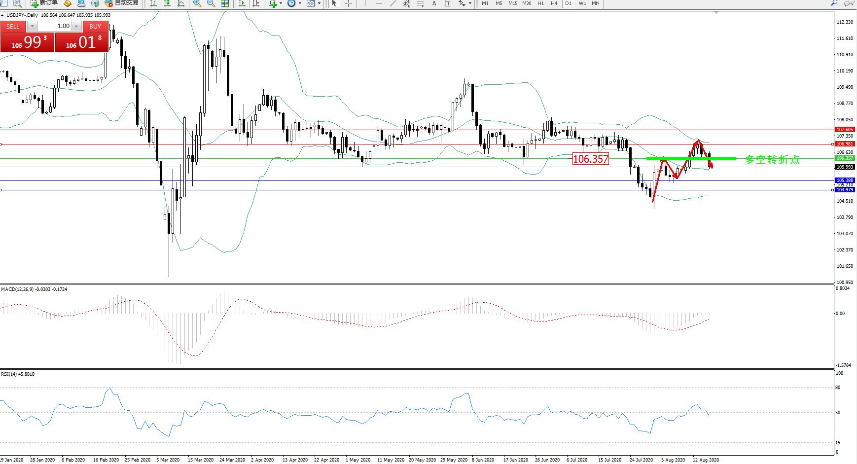 美元兑日元下跌0.56%至106.00,为7月27日以来最大跌幅;美元兑日元未来数周面临一定空间的下行压力;上周美债收益率走高与预期相符,且在利率的预期上转为中立;预期实际负利率走软的趋势将很快重启,通胀预期延续,而名义收益率则维持区间震荡;考虑到货币对走势与收益率之间紧密的关系,看跌美元兑日元的风险回报显得诱人,这可能进一步受到了外部对冲需求转变的扶助。同时市场还在担忧美国下一轮刺激协议的谈判进展,而美国大选也正在成为市场焦点,美国广播公司(ABC)民调显示,拜登和哈里斯的支持率为53%,而特朗普和彭斯的支持率为41%。
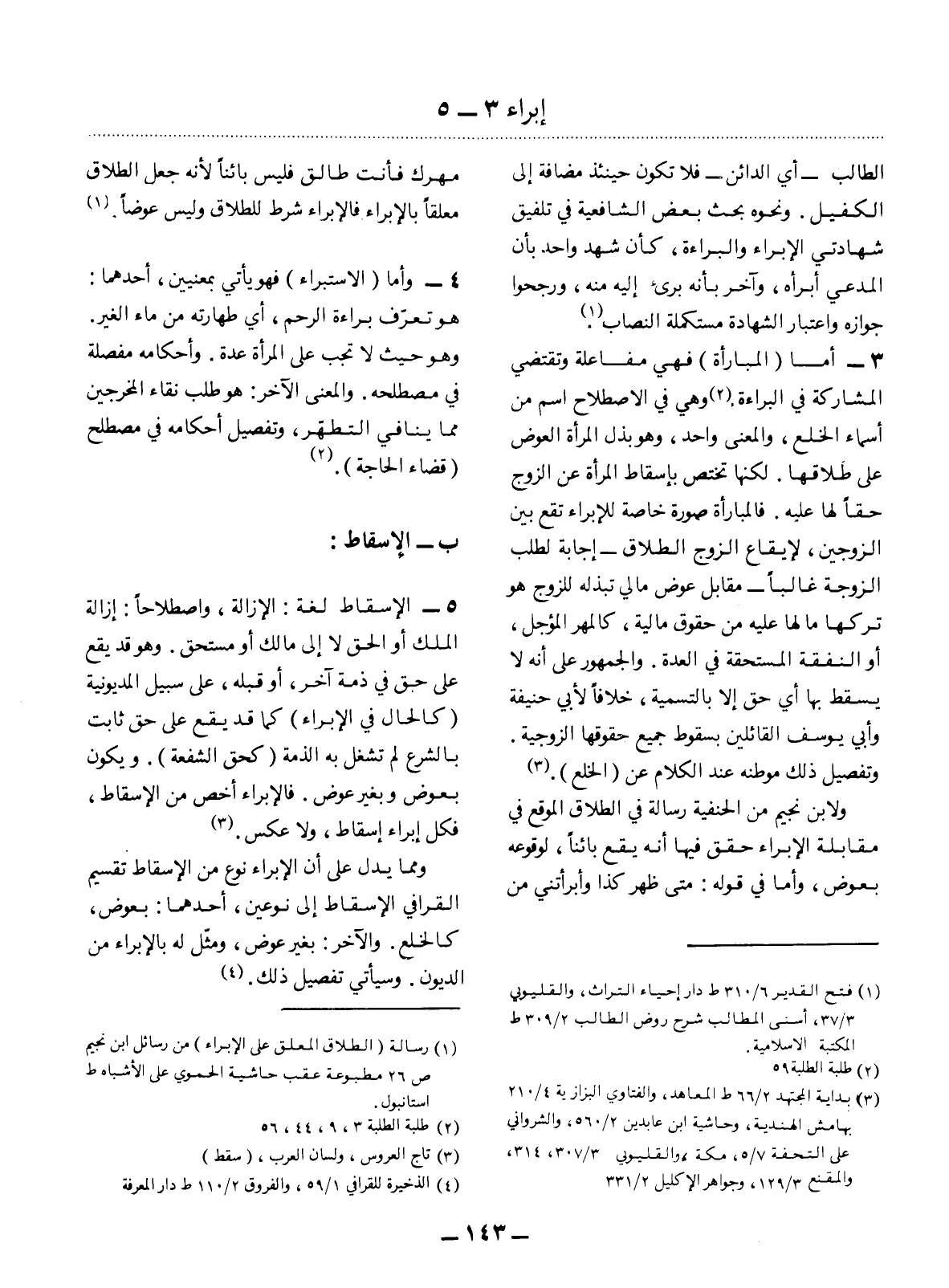 (1) رسالة (الطلاق المعلق على الإبراء) من رسائل ابن نجيم ص 26 مطبوعة عقب حاشية الحموي على الأشباه ط استانبول.
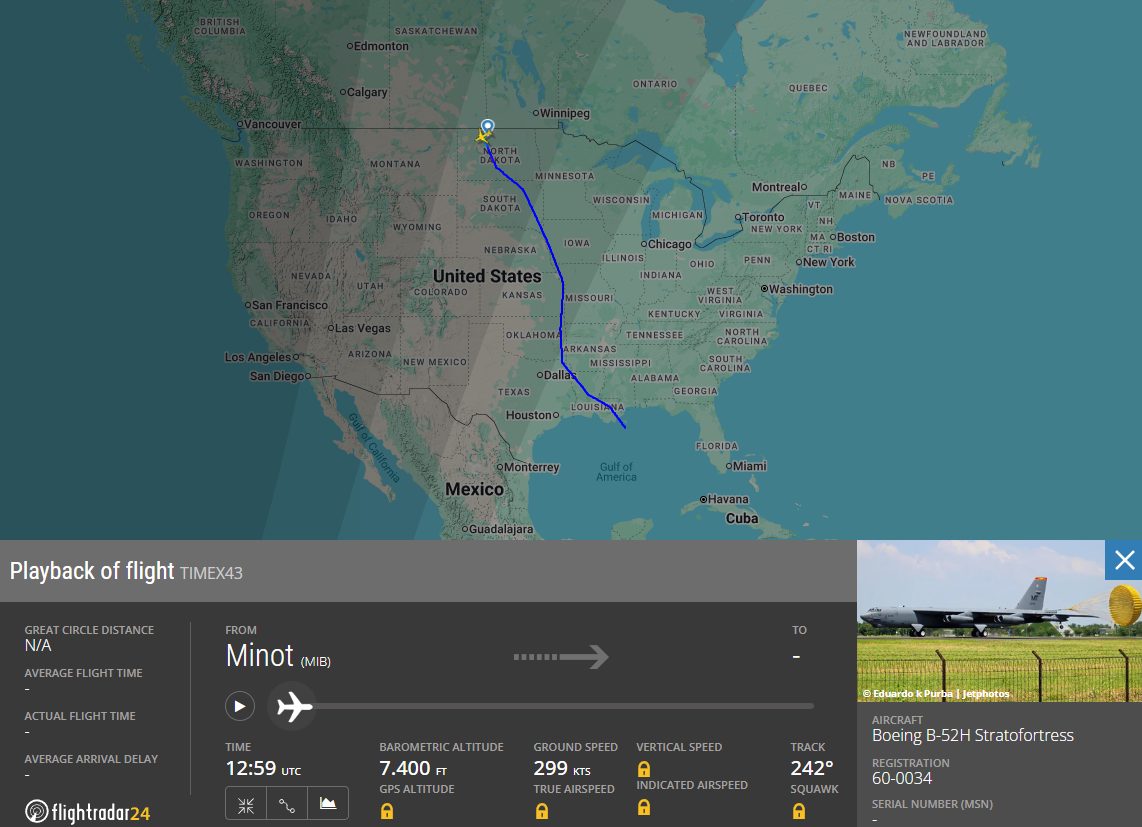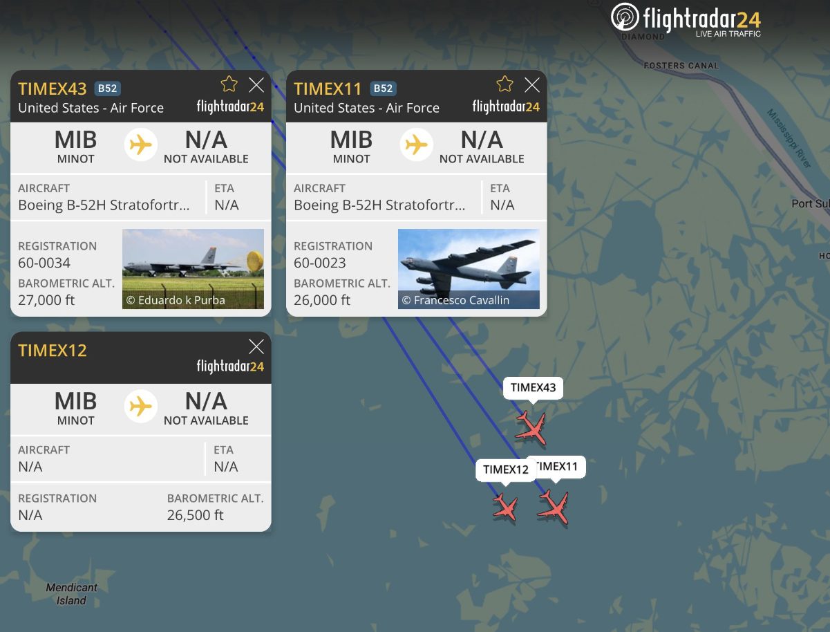 De acuerdo con el registro del monitor digital FlightRadar24, al menos tres aviones (dos B-52 y una tercera aeronave no identificada) abandonaron el territorio continental de EEUU con dirección sureste tras despegar más temprano desde la Base de la Fuerza Aérea en Minot, Dakota del Norte.
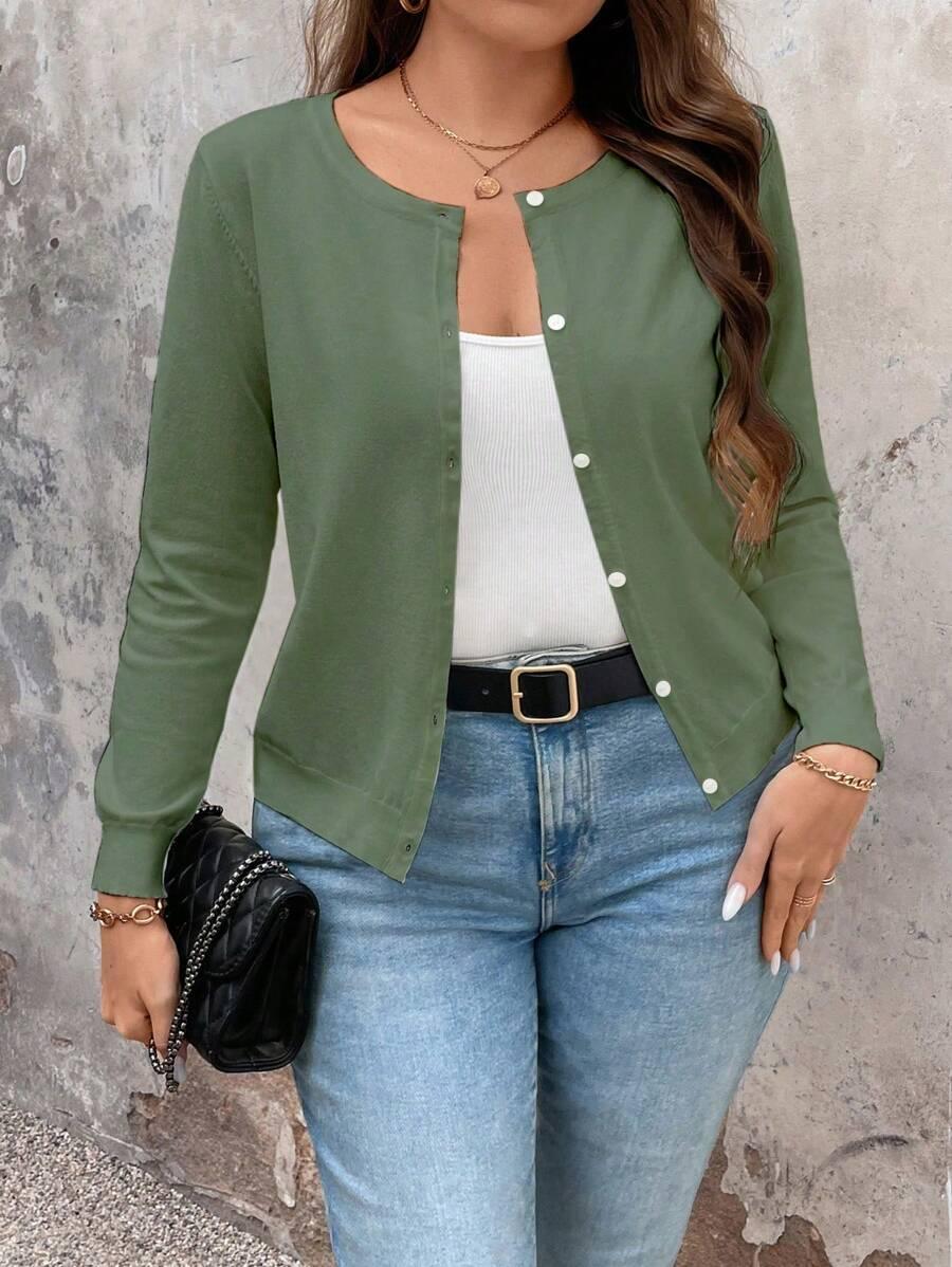 Cardigan grande taille abricot à manches longues et simple boutonnage confortable
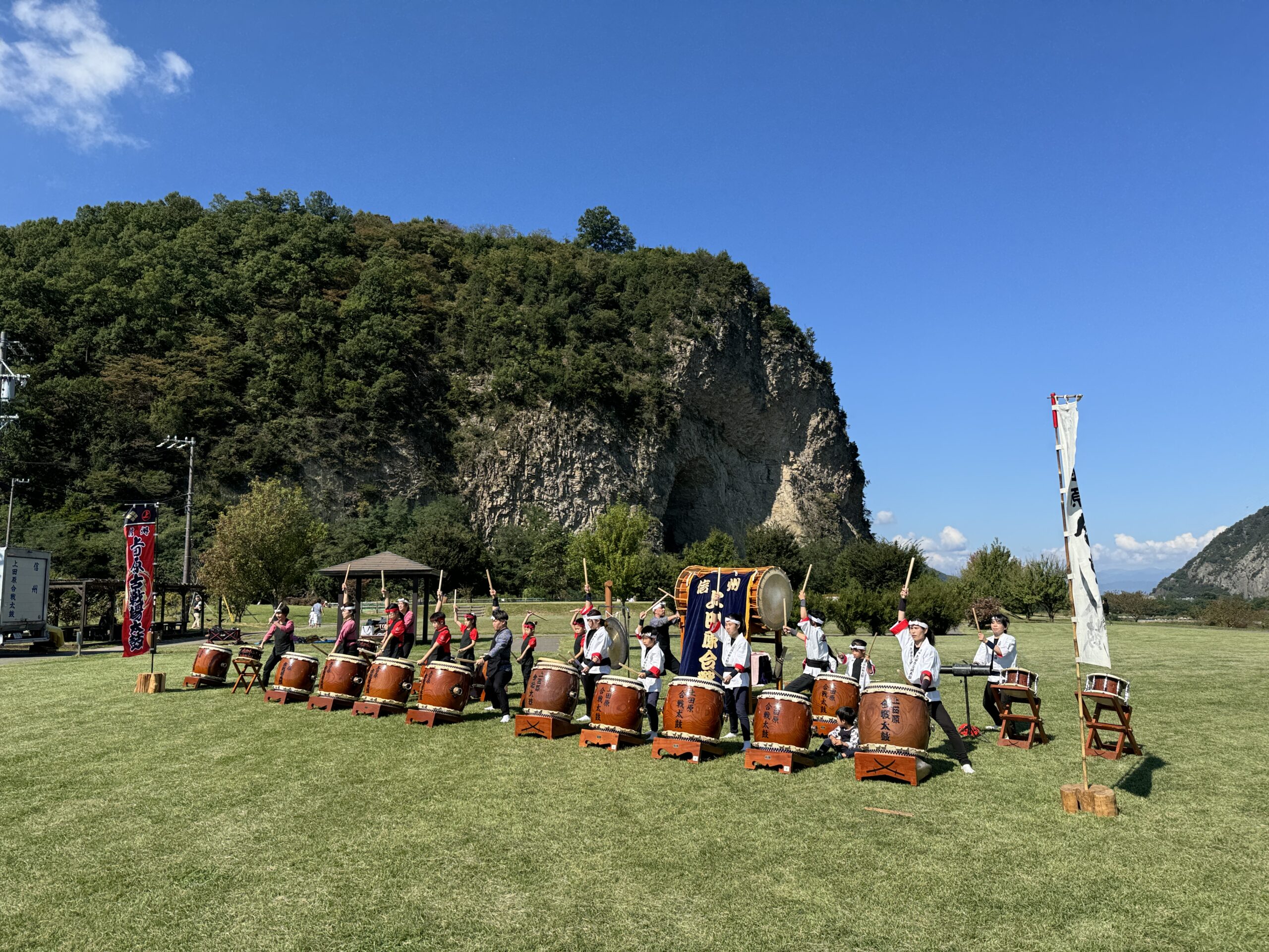 ここから望む日本百景・奇岩「岩鼻」は、高さ100mを誇る地域のシンボルで
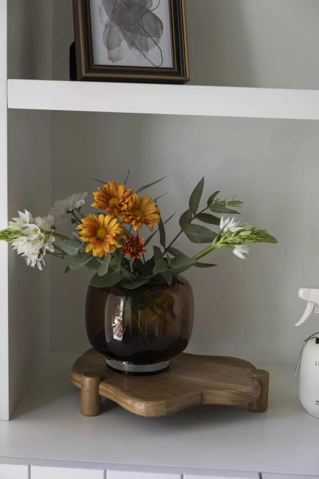 Jarrón de vidrio con forma curva en color ámbar. Ideal para ramos de flores, hojas, secos, plantas o simplemente como objeto de diseño.
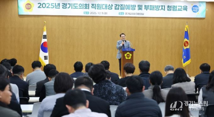 [경기뉴스원/경기뉴스1] | 경기도의회는 9일 오전 의회 대회의실에서 전 직원을 대상으로 ‘갑질예방 및 부패방지 청렴교육’을 실시했다.
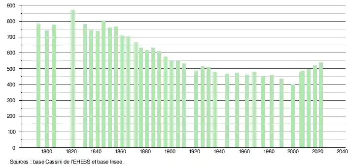 L'évolution du nombre d'habitants est connue à travers les recensements de la population effectués dans la commune depuis 1793. Pour les communes de moins de 10 000 habitants, une enquête de recensement portant sur toute la population est réalisée tous les cinq ans, les populations de référence des années intermédiaires étant quant à elles estimées par interpolation ou extrapolation[33]. Pour la commune, le premier recensement exhaustif entrant dans le cadre du nouveau dispositif a été réalisé en 2007[34].
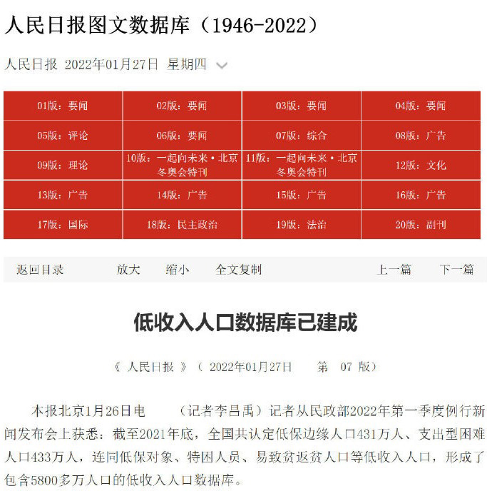 2022-01-27 22:34:57閱讀()人民日報1月27日消息,據(jù)人民日報報道,民政部2022年第一季度例行新聞發(fā)布會上透露,截至2021年底,全國共認(rèn)定低保邊緣人口431萬人、支出型困難人口433萬人,連同低保對象、特困人員、易致貧返貧人口等低收入人口,形成了包含5800多萬人口的低收入人口數(shù)據(jù)庫。

== == ==

Exercise
Every entry above, pictures excluded, needs to be duplicated exactly.

Expected answer
 美元兑日元下跌0.56%至106.00,为7月27日以来最大跌幅;美元兑日元未来数周面临一定空间的下行压力;上周美债收益率走高与预期相符,且在利率的预期上转为中立;预期实际负利率走软的趋势将很快重启,通胀预期延续,而名义收益率则维持区间震荡;考虑到货币对走势与收益率之间紧密的关系,看跌美元兑日元的风险回报显得诱人,这可能进一步受到了外部对冲需求转变的扶助。同时市场还在担忧美国下一轮刺激协议的谈判进展,而美国大选也正在成为市场焦点,美国广播公司(ABC)民调显示,拜登和哈里斯的支持率为53%,而特朗普和彭斯的支持率为41%。
 (1) رسالة (الطلاق المعلق على الإبراء) من رسائل ابن نجيم ص 26 مطبوعة عقب حاشية الحموي على الأشباه ط استانبول.
 De acuerdo con el registro del monitor digital FlightRadar24, al menos tres aviones (dos B-52 y una tercera aeronave no identificada) abandonaron el territorio continental de EEUU con dirección sureste tras despegar más temprano desde la Base de la Fuerza Aérea en Minot, Dakota del Norte.
 Cardigan grande taille abricot à manches longues et simple boutonnage confortable
 ここから望む日本百景・奇岩「岩鼻」は、高さ100mを誇る地域のシンボルで
 Jarrón de vidrio con forma curva en color ámbar. Ideal para ramos de flores, hojas, secos, plantas o simplemente como objeto de diseño.
 [경기뉴스원/경기뉴스1] | 경기도의회는 9일 오전 의회 대회의실에서 전 직원을 대상으로 ‘갑질예방 및 부패방지 청렴교육’을 실시했다.
 L'évolution du nombre d'habitants est connue à travers les recensements de la population effectués dans la commune depuis 1793. Pour les communes de moins de 10 000 habitants, une enquête de recensement portant sur toute la population est réalisée tous les cinq ans, les populations de référence des années intermédiaires étant quant à elles estimées par interpolation ou extrapolation[33]. Pour la commune, le premier recensement exhaustif entrant dans le cadre du nouveau dispositif a été réalisé en 2007[34].
 2022-01-27 22:34:57閱讀()人民日報1月27日消息,據(jù)人民日報報道,民政部2022年第一季度例行新聞發(fā)布會上透露,截至2021年底,全國共認(rèn)定低保邊緣人口431萬人、支出型困難人口433萬人,連同低保對象、特困人員、易致貧返貧人口等低收入人口,形成了包含5800多萬人口的低收入人口數(shù)據(jù)庫。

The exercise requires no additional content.